PROBLEM DETAILS:
Below are some records. Return exactly their lines from the one containing "Celebrate everlasting beauty" through the one containing "Big Lapis Vintage", and drop the pictures.

LISTED ENTRIES:
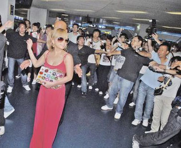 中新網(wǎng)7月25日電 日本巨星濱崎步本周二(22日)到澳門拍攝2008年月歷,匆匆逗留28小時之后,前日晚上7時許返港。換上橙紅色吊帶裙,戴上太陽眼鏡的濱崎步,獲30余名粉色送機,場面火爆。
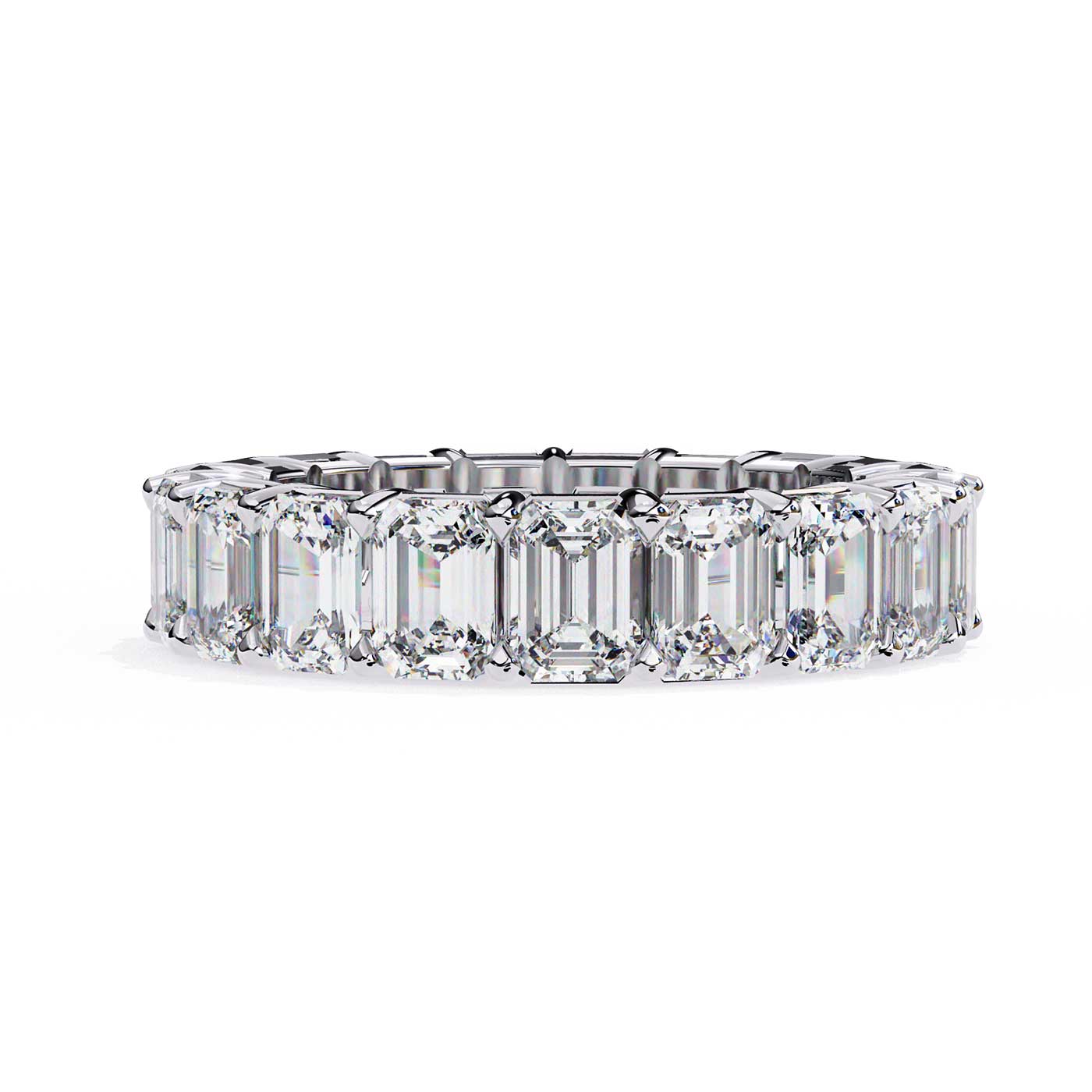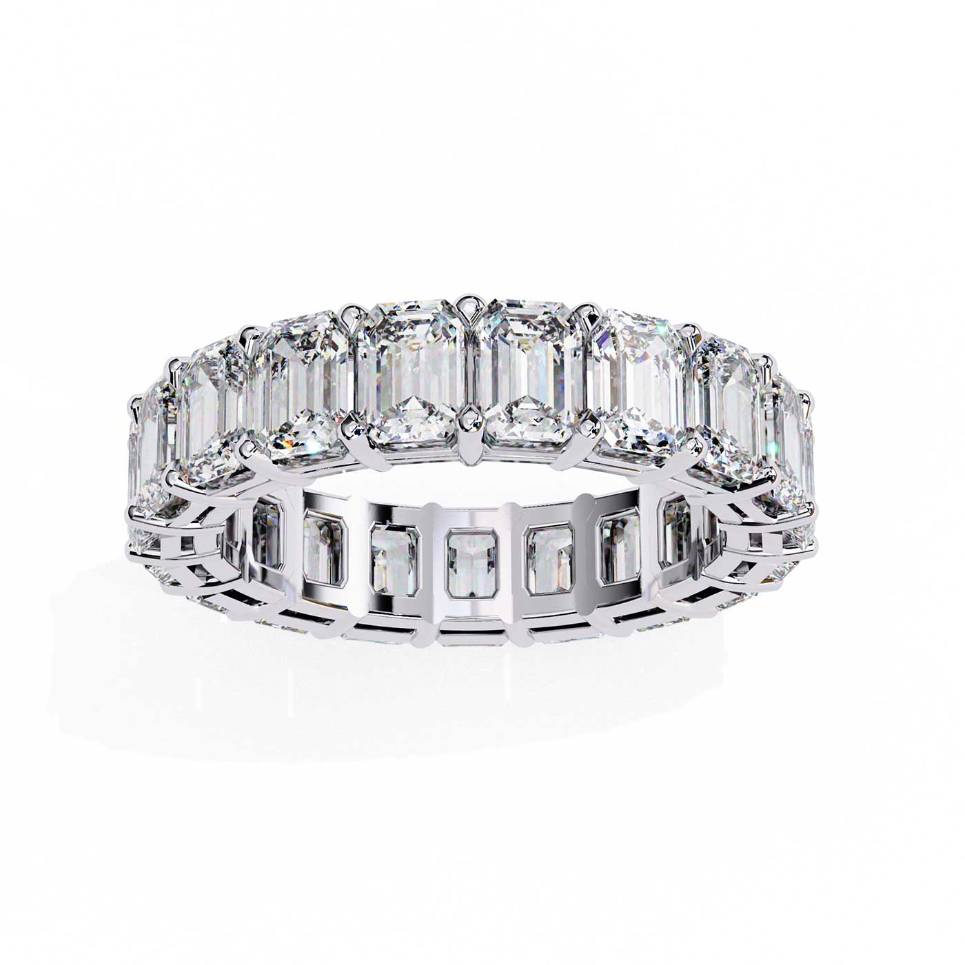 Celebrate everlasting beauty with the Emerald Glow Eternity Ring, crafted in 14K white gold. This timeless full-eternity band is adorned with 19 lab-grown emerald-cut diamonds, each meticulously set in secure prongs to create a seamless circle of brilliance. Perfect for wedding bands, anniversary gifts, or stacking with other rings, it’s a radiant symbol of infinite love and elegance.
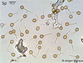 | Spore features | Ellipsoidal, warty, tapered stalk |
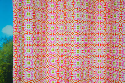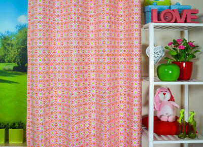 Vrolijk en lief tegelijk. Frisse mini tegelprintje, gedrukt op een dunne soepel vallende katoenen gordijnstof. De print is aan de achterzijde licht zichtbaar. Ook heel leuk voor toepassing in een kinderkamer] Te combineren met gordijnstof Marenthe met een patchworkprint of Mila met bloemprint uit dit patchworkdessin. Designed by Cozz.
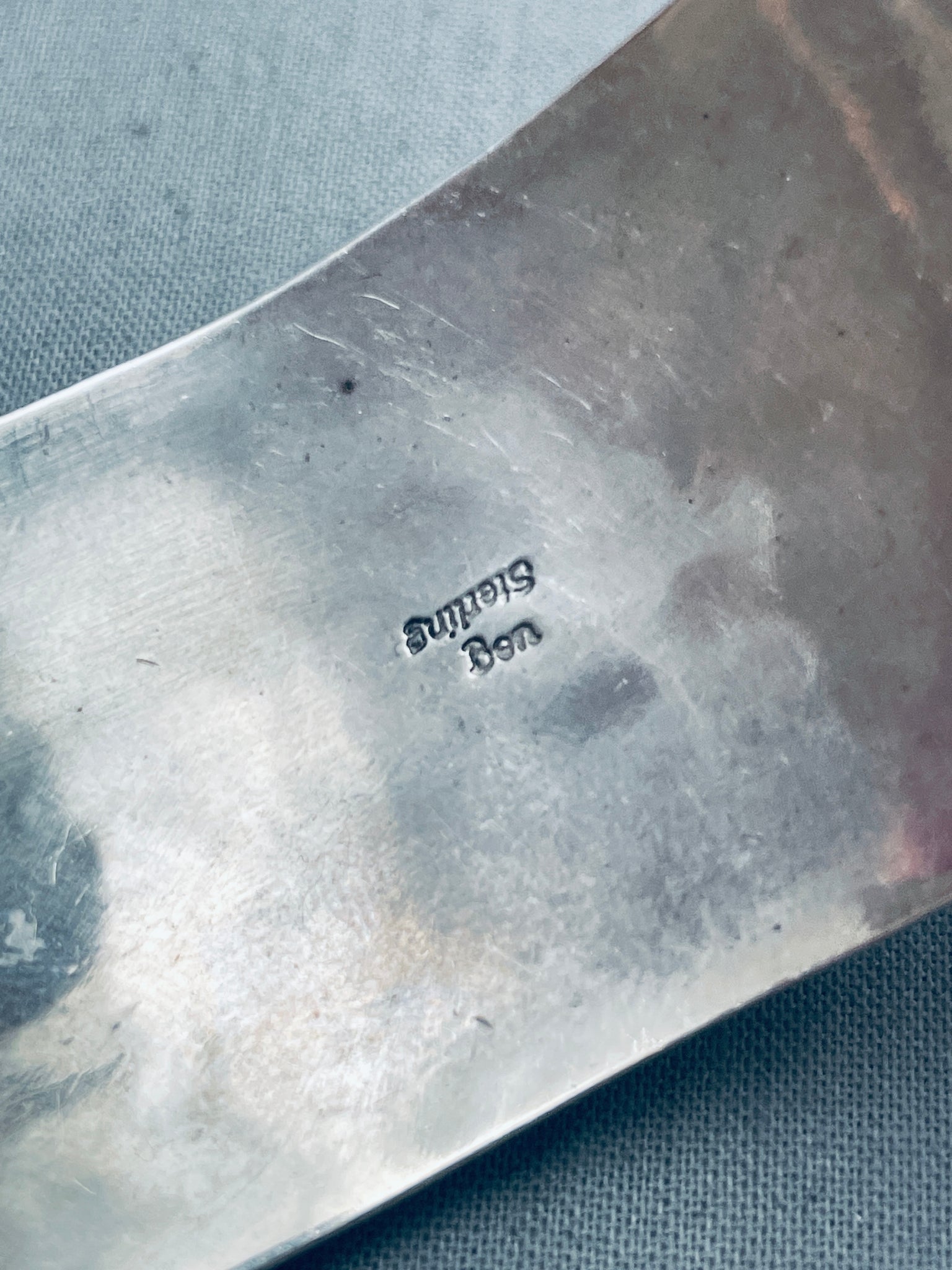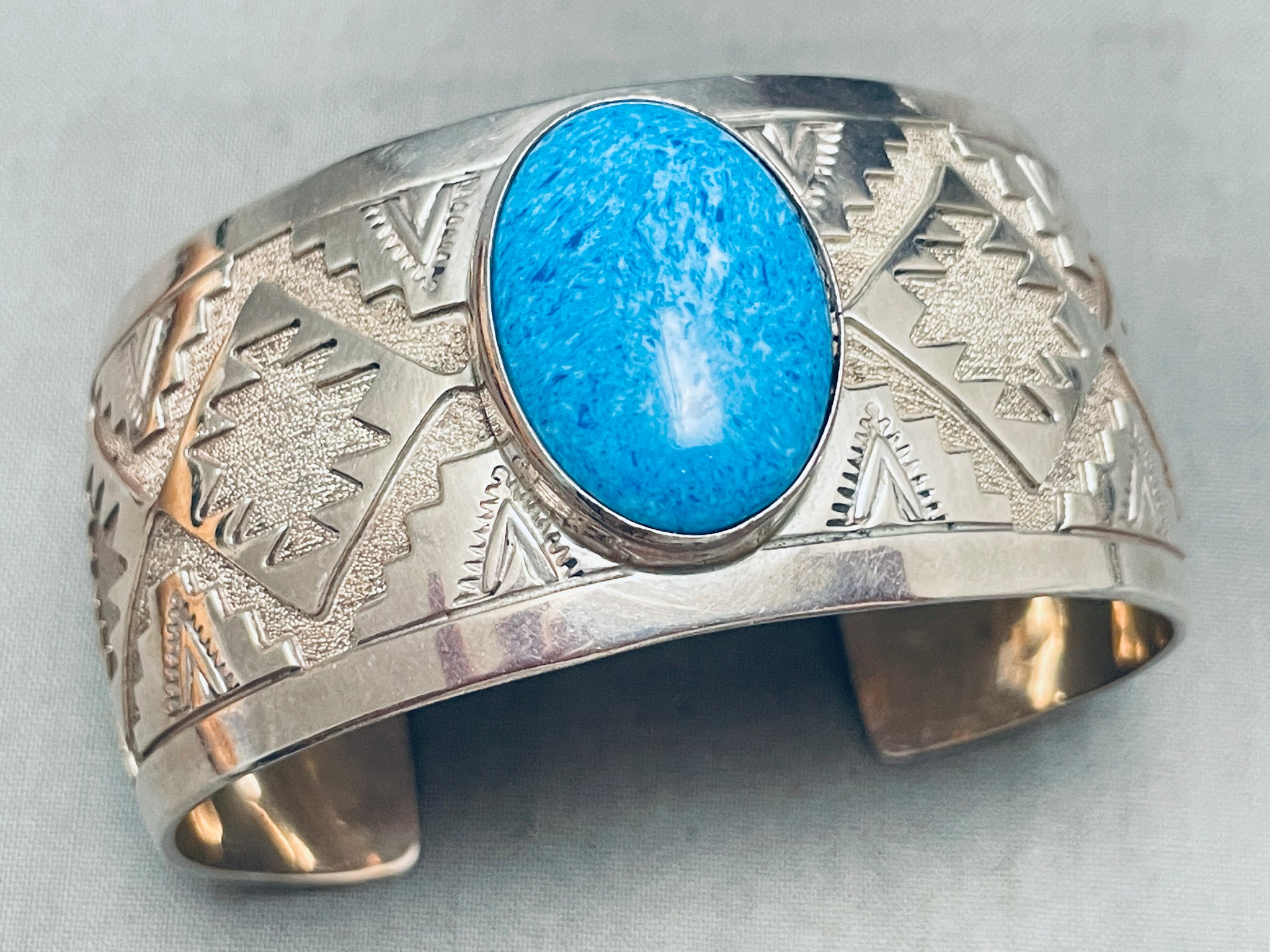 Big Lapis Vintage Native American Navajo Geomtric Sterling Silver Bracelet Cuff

---

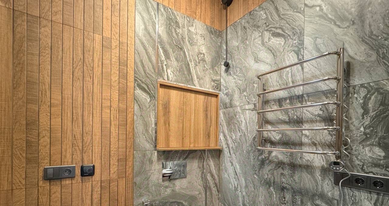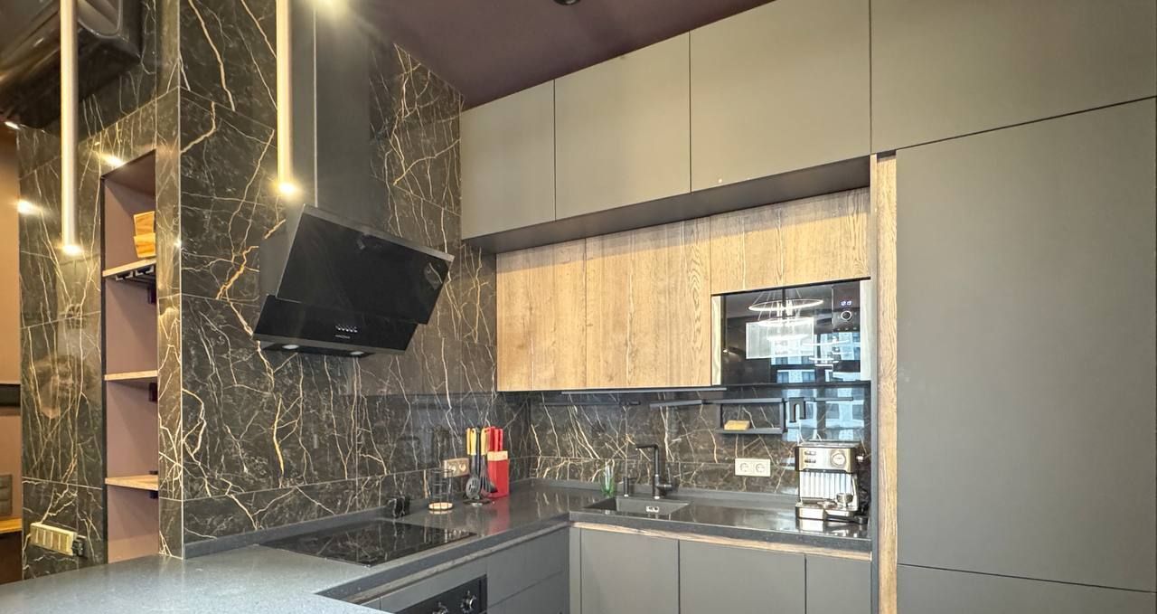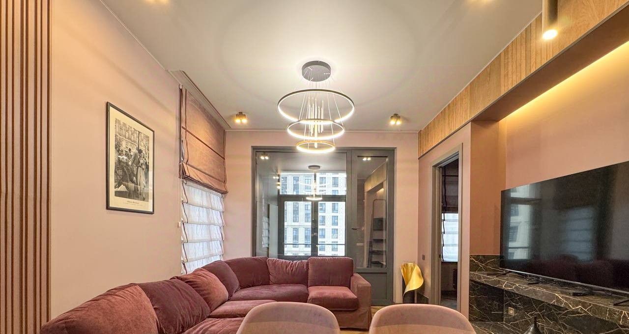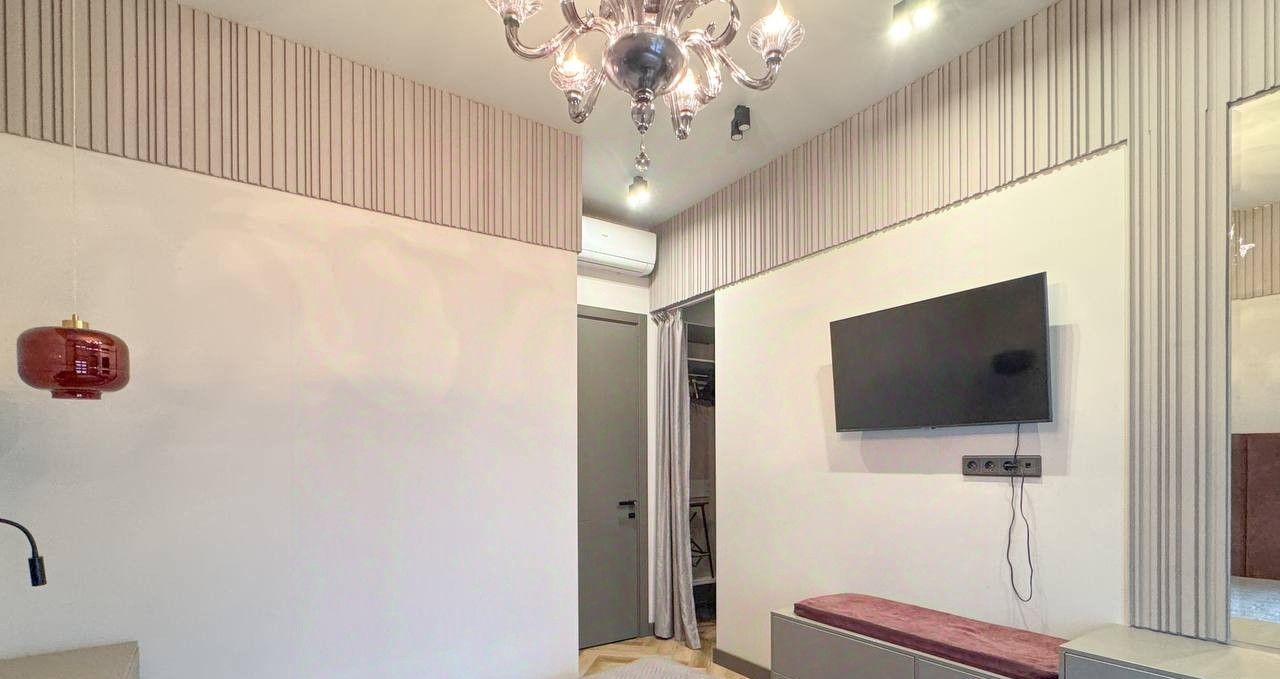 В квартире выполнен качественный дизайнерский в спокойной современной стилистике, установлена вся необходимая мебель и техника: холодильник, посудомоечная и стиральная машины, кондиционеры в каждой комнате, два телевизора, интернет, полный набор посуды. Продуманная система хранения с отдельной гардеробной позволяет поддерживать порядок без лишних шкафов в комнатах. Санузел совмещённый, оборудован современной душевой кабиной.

ANSWER TO THE PROBLEM:
 Celebrate everlasting beauty with the Emerald Glow Eternity Ring, crafted in 14K white gold. This timeless full-eternity band is adorned with 19 lab-grown emerald-cut diamonds, each meticulously set in secure prongs to create a seamless circle of brilliance. Perfect for wedding bands, anniversary gifts, or stacking with other rings, it’s a radiant symbol of infinite love and elegance.
 | Spore features | Ellipsoidal, warty, tapered stalk |
 Vrolijk en lief tegelijk. Frisse mini tegelprintje, gedrukt op een dunne soepel vallende katoenen gordijnstof. De print is aan de achterzijde licht zichtbaar. Ook heel leuk voor toepassing in een kinderkamer] Te combineren met gordijnstof Marenthe met een patchworkprint of Mila met bloemprint uit dit patchworkdessin. Designed by Cozz.
 Big Lapis Vintage Native American Navajo Geomtric Sterling Silver Bracelet Cuff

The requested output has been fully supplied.